I am trying to solve Optimisation problem with pyomo (Pyomo 5.3 (CPython 2.7.13 on Linux 3.10.0-514.26.2.el7.x86_64)) using CBC solver (Version: 2.9.8) and specifying a time limit in solver of 60 sec. The solver is getting a feasible solution (-1415.8392) but apparently not yet optimal (-1415.84) as you can see below.
After time limit ends model seemingly exits with an error code. I want to print or get values of all variables of feasible solution using CBC in specified time limit.

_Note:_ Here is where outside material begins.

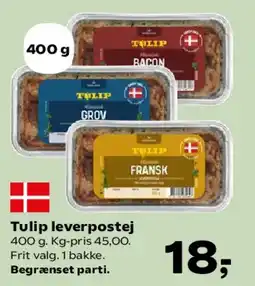 | Tulip leverpostej 400 g | SuperBrugsen | 18,00 kr. | 06 februar 2026 | 19 februar 2026 | |||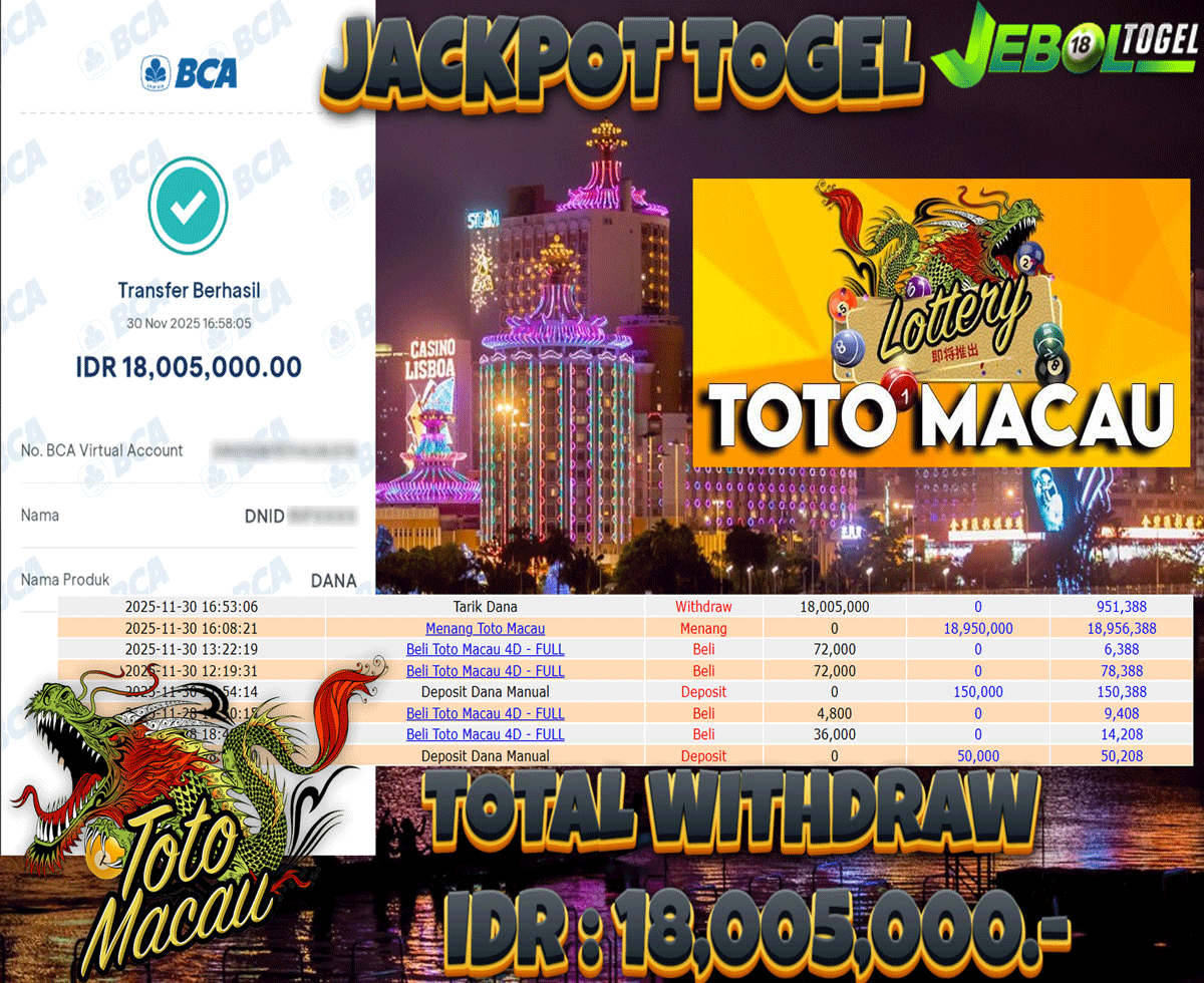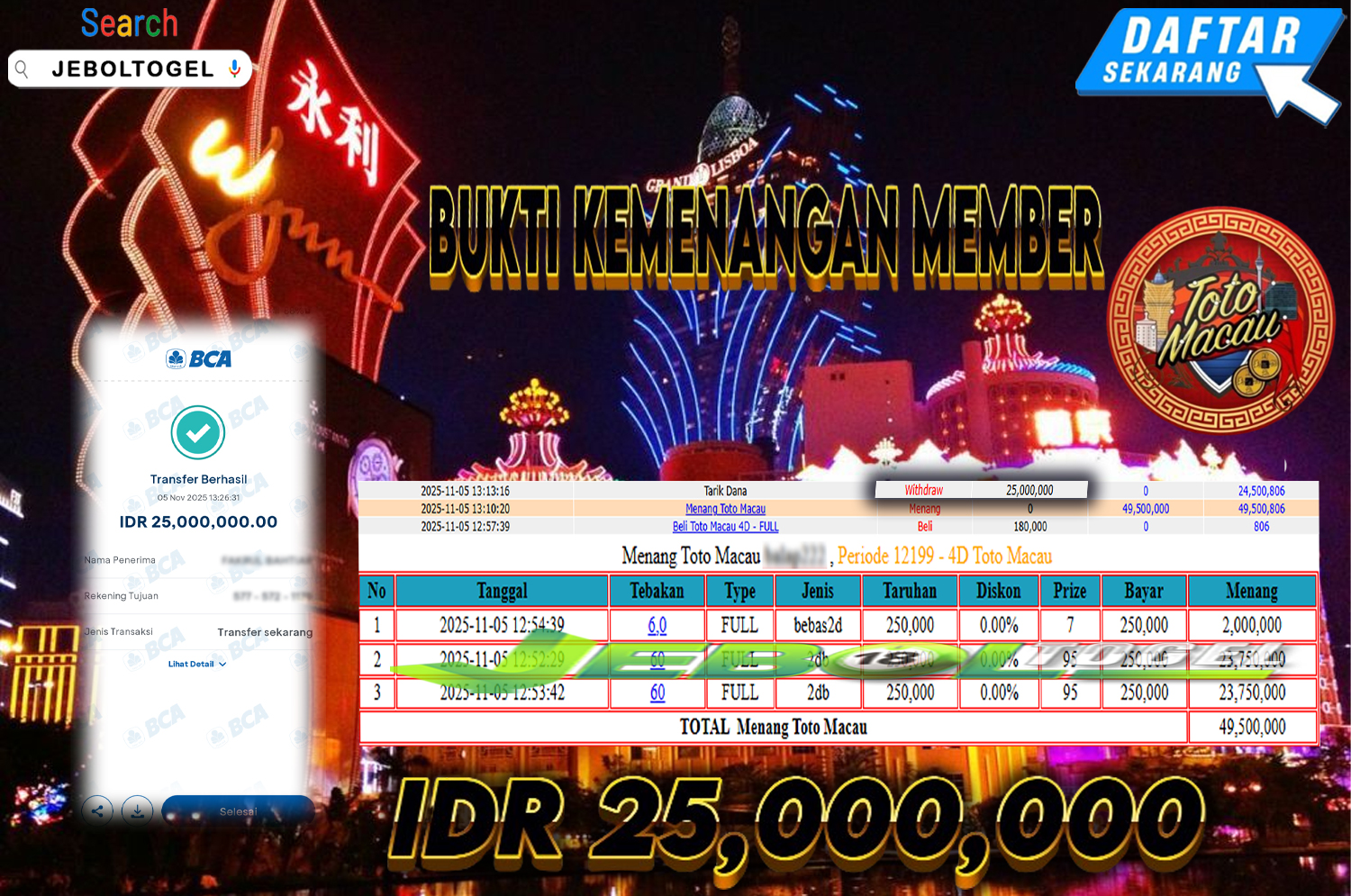 Kemenangan TOGEL Pasaran ( TOTO MACAU ) Segera bergabung dengan kami JEBOLTOGEL, SITUS TERBESAR dan TERPERCAYA yang pasti BAYAR JP ANDA !

Or is there any other way by which I can set, if Model gets 99% value of an Optimal solution, to exit and print the feasible solution.
The error code is posted below.
Cbc0004I Integer solution of -1415.8392 found after 357760 iterations and 29278 nodes (47.87 seconds)
Cbc0010I After 30000 nodes, 6350 on tree, -1415.8392 best solution, best possible -1415.84 (48.87 seconds)
Cbc0010I After 31000 nodes, 6619 on tree, -1415.8392 best solution, best possible -1415.84 (50.73 seconds)
Cbc0010I After 32000 nodes, 6984 on tree, -1415.8392 best solution, best possible -1415.84 (52.49 seconds)
Cbc0010I After 33000 nodes, 7384 on tree, -1415.8392 best solution, best possible -1415.84 (54.31 seconds)
Cbc0010I After 34000 nodes, 7419 on tree, -1415.8392 best solution, best possible -1415.84 (55.73 seconds)
Cbc0010I After 35000 nodes, 7824 on tree, -1415.8392 best solution, best possible -1415.84 (57.37 seconds)
Traceback (most recent call last):
File "model_final.py", line 392, in
solver.solve(model, timelimit = 60*1, tee=True)
File "/home/aditya/0r/lib/python2.7/site-packages/pyomo/opt/base/solvers.py", line 655, in solve
default_variable_value=self._default_variable_value)
File "/home/aditya/0r/lib/python2.7/site-packages/pyomo/core/base/PyomoModel.py", line 242, in load_from
% str(results.solver.status))
ValueError: Cannot load a SolverResults object with bad status: error
When I run the model generated by pyomo manually using the same command-line parameters as pyomo /usr/bin/cbc -sec 60 -printingOptions all -import /tmp/tmpJK1ieR.pyomo.lp -import -stat=1 -solve -solu /tmp/tmpJK1ieR.pyomo.soln it seems to exit normally and also writes the solution as shown below.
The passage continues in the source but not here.